Ingredients: Tomatoes

That's it. No salt, no herbs - just tomatoes. I was so startled by this lack of stuff that I actually called over a Williams-Sonoma employee to confirm that I wasn't missing something. After looking at me like I was a particularly annoying small dog and offering a briskly sing-songed, "Well, let's look at the list of INGREDIENTS, shall we?", she quickly ate her tone and started chucking at the audacity of slapping $11 on a jar of plain, pureed tomatoes.

So of course I had to buy it. The curiousity would have haunted me for seconds - nay, minutes! - had I not. $11 tomatoes! Surely they were the best damn tomatoes ANYONE HAD EVER GROWN!

Nope. Tasted exactly like a jar full of pureed tomatoes. A baby wouldn't have eaten that crap.

Still, I take some comfort in the fact that some poor schlub is paying $25 for a plate full. At least I only got took for $4.99.

Monday, January 01, 2007

I've got a birthday coming up...

I've seen some funny things in my life, but this little Christmas wonder - compliments of SNL (who knew it was still funny?) - rocks. Enjoy, but not in the company of children or people who could have you fired.

Glass and a half of champers makes Ali a hungover girl.

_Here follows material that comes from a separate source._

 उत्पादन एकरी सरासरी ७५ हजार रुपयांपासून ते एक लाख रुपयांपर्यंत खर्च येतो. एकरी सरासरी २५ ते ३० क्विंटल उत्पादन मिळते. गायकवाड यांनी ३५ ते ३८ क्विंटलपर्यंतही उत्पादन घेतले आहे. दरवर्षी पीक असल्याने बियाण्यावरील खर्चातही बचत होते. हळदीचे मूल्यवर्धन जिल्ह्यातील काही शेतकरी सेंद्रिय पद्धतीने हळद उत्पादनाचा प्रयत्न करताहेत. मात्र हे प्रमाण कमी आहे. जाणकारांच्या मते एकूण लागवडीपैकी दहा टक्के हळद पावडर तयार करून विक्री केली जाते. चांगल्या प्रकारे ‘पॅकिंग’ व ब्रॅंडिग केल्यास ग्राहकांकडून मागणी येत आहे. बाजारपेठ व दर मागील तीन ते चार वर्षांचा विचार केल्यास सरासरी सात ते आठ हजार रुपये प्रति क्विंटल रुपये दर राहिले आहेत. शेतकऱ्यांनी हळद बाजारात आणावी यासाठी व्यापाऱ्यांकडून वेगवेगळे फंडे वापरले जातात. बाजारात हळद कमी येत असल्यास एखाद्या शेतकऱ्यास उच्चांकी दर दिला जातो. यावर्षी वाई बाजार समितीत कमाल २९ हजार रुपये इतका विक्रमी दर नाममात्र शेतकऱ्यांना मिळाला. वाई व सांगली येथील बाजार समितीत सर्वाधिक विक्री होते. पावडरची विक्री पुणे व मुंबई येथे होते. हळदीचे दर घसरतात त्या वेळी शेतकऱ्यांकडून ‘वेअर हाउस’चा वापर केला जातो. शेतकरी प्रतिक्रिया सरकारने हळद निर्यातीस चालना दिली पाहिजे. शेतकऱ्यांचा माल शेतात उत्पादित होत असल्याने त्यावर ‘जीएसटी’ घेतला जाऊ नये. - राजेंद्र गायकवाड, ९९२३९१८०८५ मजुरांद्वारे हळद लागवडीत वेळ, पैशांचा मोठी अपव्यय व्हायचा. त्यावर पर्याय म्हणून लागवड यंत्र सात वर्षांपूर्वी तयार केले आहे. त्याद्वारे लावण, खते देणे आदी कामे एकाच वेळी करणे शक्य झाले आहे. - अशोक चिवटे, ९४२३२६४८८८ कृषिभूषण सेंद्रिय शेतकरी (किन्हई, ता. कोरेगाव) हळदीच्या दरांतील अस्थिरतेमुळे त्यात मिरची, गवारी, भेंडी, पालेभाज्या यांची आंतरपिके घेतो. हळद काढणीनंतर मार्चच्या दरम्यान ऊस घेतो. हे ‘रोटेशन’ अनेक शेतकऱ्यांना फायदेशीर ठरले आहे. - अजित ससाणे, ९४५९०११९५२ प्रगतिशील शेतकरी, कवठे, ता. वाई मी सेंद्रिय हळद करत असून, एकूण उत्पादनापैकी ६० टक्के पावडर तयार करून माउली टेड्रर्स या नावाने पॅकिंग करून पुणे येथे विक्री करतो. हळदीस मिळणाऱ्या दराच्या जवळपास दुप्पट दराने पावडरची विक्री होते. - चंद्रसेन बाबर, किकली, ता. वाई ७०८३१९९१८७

Greetings on the first day of the newest year! Can't say it feels a whole lot different from the last day of the former year, except for the piles of the leftover confetti. Living in the "most exciting city in the entire world!" on the night of "the biggest party in the world!" (according to an overcaffeinated and underteleprompted Seacrest) can wear a bit thin. I've never understood the whole Times Square At Midnight thing. People line up behind police barracades for hours on end, usually in the freezing cold, no food, no booze and NO ACCESS TO PUBLIC TOILETS, just to watch a ball drop. I guess it's like the Macy's Thanksgiving Day Parade; it sounds like fun until you actually go. Then you discover that the floats only come along every twenty minutes, leaving you with nothing to do but pick your nose and hope the Snoopy balloon takes down a tourist.

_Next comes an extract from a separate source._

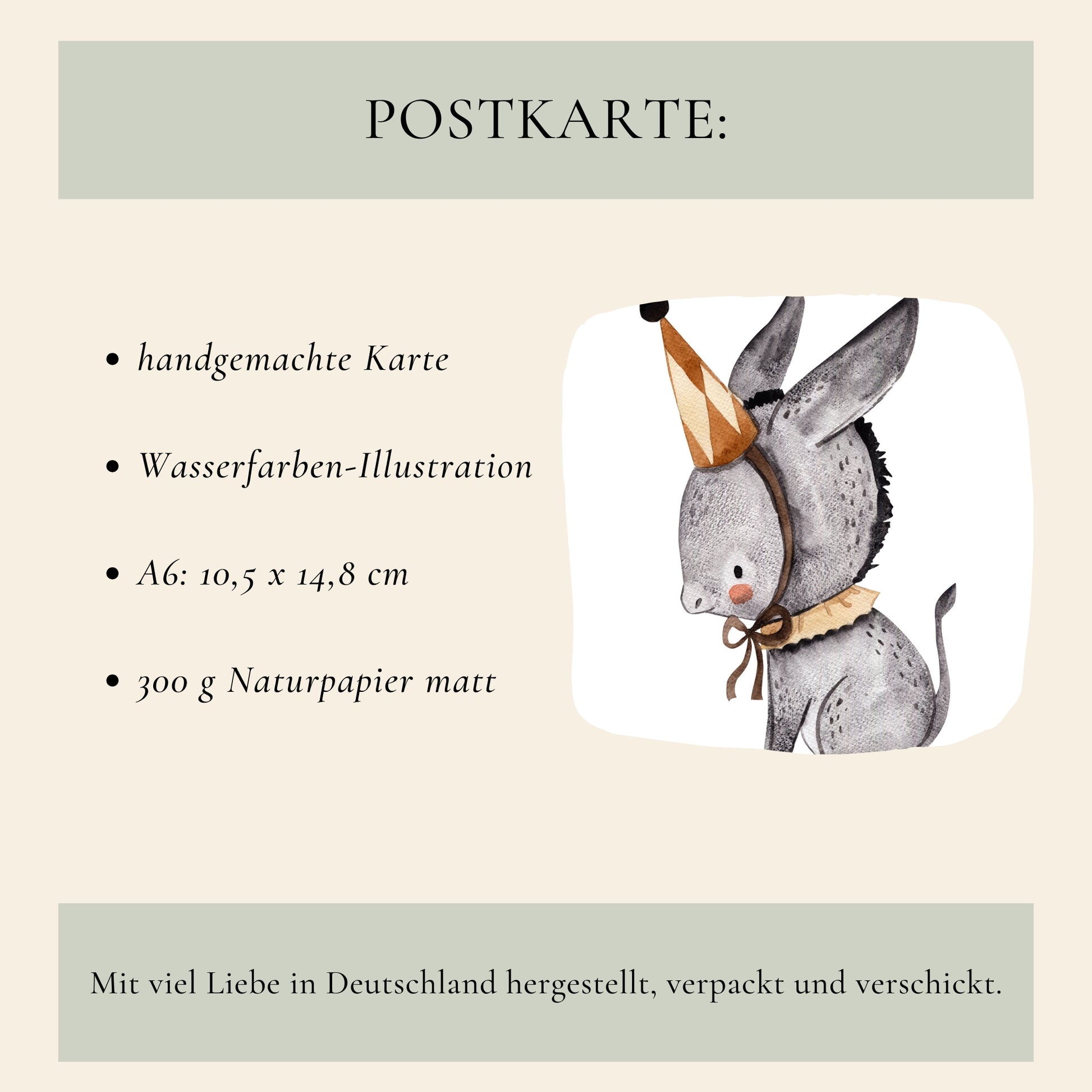 Größe A6: 10,5 x 14,8 cm (300 g unbeschichtetes Naturpapier matt) - normale Postkartengröße.

Matt and I kept it low-key last night, which will come as a shock to absolutely nobody. We popped open a bottle of expensive bubbly (thanks, Kathy and Bob!) and opened the Christmas presents we didn't have time to give each other before leaving town. We thought about hitting the East Village for some cheap curry but quickly nixed it once we remembered that it was New Years Eve. (Or as I like to call it, "amateur night".) Instead, we went around the corner to our favorite restaurant and splurged on actual appetizers. (So small! So fancy!) We managed to make it to midnight and celebrated the countdown on our balcony, gazing fondly on the celebrating crowds. (Okay, we didn't actually see anybody, aside from some guy wheeling a rental table down the street, but we heard a lot of shouting and merriment which is almost the same.) Generally I feel a little let down on New Years', like no matter where I am someone else is having a lot more fun, but this one felt pretty solid. Hope you all had a good one too.